У каждого шефа свой путь к этому званию, свои взгляды на кулинарию, принципы управления людьми и неписанные правила профессии. Этим и интересен опыт каждого. Дмитрий Трушкин попробовал на собственном опыте практически все грани работы повара.

Профессию выбирал по принципу «не остаться голодным»

— Дмитрий, почему, на Ваш взгляд, молодые люди идут учиться на повара?

— В свое время, если человек учился на повара, все сразу понимали, почему он туда пошел. Потому что он не смог нормально закончить школу. Потому что он «гуманитарий». На 80% не из любви к профессии. Это стереотип еще из 90‑х годов.

— Стереотип… А какова реальность? Почему Вы, например, пошли учиться на повара?

— В школе я увлекался музыкой, но непрофессионально, и у меня был выбор. Отец всегда мне его предоставлял. Он сказал — делай, что ты хочешь из того, что нравится: либо театральное училище выбирай, либо музыкальные факультеты, либо поварское дело. Мой отец был военным. Часто я оставался дома один и всегда себе готовил сам.

— То есть Вы воспользовались методом исключения?

— Выбирал по принципу, что голодным не останусь. Тогда многие так рассуждали. Совдеповское производство работало так, что, по крайней мере, все будут сыты, никто без хлеба не уйдет.

— Когда Вы закончили лицей кулинарного мастерства, сразу пошли работать по специальности?

— Я совмещал работу и учёбу. Утром учился, а по ночам работал. Еще я получил высшее образование, закончив Государственную Академию экономики и сервиса по специальности менеджер.

— Было желание попробовать себя в управлении?

— Нет, просто понимал: для того, чтобы развиваться, я должен иметь высшее образование.

— И сейчас оно Вам пригодилось, помогает?

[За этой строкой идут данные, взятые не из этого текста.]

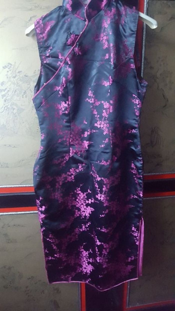robe noire motif florale fushia . xl. très bon état porté moins de 5 fois. Voir mes autres ventes frais de port au plus juste et réduction pour lot possible .

— Конечно, помогает, потому что вся структура становится понятной и изнутри, и снаружи. Как это и должно быть, в целом. На самом деле, не так важно, что ты закончил. Важно то, что ты знаешь и делаешь на кухне. У меня есть примеры, когда люди на кухне становились большими профессионалами и медийными персонами и без высшего образования.

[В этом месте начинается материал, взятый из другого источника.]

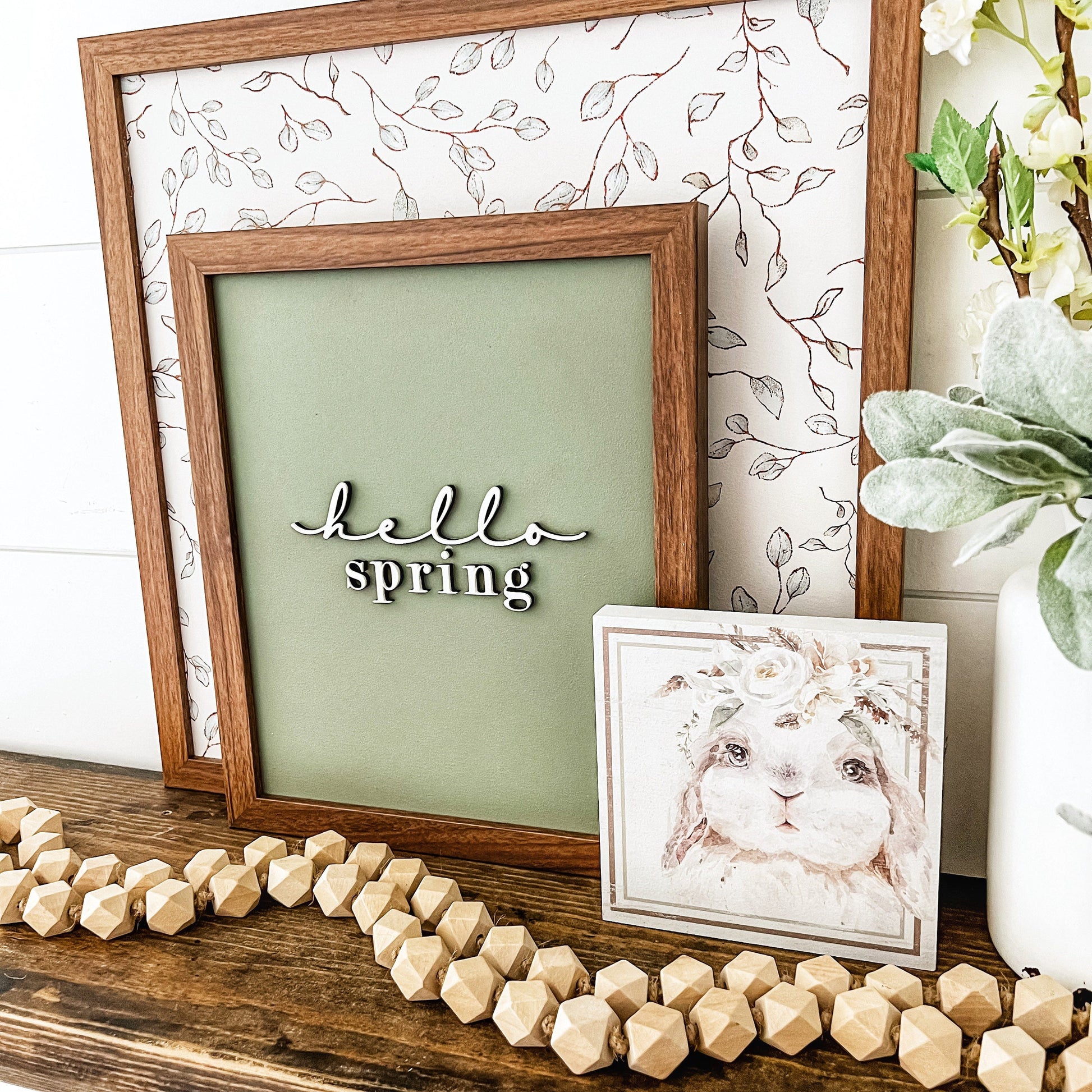 Size variations: 6x6 Mini Rabbit Sign / 9x11 Hello Spring Sign / 15x15 Floral Background

— Вы сразу после колледжа на Московский вокзал попали?

— Нет, до этого был китайский ресторан, потом бистро Ориент на Большой Морской, а после этого был уже ресторан на Московском вокзале, куда я пришел работать помощником повара, потому что из бистро не брали поваром.

— После ресторана на Московском вокзале как у Вас всё складывалось?

— На Московском вокзале я за три года от помощника повара стал шефом.

— Сколько времени после окончания колледжа Вам понадобилось, чтобы стать шефом?

— Я не ставил себе цель — стать шефом. Мне просто не нравилось, когда протекало всё не так, как должно быть, на мой взгляд. И я проявлял инициативу: многое делал сверх своих обязанностей, помогал в организации и управлении. Мне говорили, что у меня нет опыта. Но я всегда считал, что опыт приходит с практикой. И брался за любую работу.

Шеф-повар — это сочетание нескольких ключевых компетенций

— Сколько Вам было, когда Вы стали шефом?

— 23 или 25, кажется. Наш ресторан (на Московском вокзале — прим. ред.), помимо основной работы, больше использовся как кейтеринговая площадка. Кухня там была небольшая по метражу, работы при этом было много. Было сложно. Но это воспитало во мне определённые лидерские качества, это был бесценный опыт.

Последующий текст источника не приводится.